### Problem to work on
Find all lines below containing the string "your" and return them.

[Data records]
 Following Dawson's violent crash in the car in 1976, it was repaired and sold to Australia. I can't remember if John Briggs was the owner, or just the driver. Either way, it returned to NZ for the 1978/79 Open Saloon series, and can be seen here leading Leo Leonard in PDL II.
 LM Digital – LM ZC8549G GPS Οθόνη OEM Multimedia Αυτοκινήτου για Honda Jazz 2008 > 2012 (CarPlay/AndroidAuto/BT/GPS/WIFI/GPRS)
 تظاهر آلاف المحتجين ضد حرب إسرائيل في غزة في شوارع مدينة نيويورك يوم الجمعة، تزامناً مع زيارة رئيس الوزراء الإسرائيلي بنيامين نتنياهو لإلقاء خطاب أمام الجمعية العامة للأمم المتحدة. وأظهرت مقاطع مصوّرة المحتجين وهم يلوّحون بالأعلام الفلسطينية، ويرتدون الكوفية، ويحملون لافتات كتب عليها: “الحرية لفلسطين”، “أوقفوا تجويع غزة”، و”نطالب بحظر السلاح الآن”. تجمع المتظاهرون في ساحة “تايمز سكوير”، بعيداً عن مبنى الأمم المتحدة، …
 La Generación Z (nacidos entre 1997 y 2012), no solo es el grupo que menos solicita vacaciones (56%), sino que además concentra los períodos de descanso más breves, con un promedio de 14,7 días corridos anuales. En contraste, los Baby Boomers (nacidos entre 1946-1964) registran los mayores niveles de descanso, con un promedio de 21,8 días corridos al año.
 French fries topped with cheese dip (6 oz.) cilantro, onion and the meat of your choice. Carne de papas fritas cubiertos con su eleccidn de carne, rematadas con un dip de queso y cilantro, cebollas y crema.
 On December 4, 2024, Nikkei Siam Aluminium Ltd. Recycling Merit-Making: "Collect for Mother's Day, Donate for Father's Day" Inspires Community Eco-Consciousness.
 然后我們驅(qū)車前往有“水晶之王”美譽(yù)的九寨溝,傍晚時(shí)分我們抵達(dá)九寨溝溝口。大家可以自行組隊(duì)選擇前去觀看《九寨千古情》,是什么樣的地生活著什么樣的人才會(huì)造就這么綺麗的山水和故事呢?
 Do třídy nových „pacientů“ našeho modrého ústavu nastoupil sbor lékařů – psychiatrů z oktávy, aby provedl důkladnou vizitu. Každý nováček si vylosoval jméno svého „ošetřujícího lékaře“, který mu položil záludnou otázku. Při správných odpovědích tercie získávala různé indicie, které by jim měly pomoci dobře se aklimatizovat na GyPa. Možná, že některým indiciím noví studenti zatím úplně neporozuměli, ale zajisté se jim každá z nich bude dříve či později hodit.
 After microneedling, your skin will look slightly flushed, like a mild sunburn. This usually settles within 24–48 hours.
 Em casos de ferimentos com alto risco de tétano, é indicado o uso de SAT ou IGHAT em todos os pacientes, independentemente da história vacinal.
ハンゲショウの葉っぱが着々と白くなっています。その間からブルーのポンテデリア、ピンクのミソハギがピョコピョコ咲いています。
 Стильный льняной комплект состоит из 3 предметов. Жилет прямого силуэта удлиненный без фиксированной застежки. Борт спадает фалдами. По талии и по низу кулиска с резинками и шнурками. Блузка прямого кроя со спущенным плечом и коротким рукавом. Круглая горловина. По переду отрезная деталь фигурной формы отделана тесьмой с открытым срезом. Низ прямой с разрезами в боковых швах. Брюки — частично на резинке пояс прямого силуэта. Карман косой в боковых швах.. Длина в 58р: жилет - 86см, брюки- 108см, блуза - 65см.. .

### Exercise result
 French fries topped with cheese dip (6 oz.) cilantro, onion and the meat of your choice. Carne de papas fritas cubiertos con su eleccidn de carne, rematadas con un dip de queso y cilantro, cebollas y crema.
 After microneedling, your skin will look slightly flushed, like a mild sunburn. This usually settles within 24–48 hours.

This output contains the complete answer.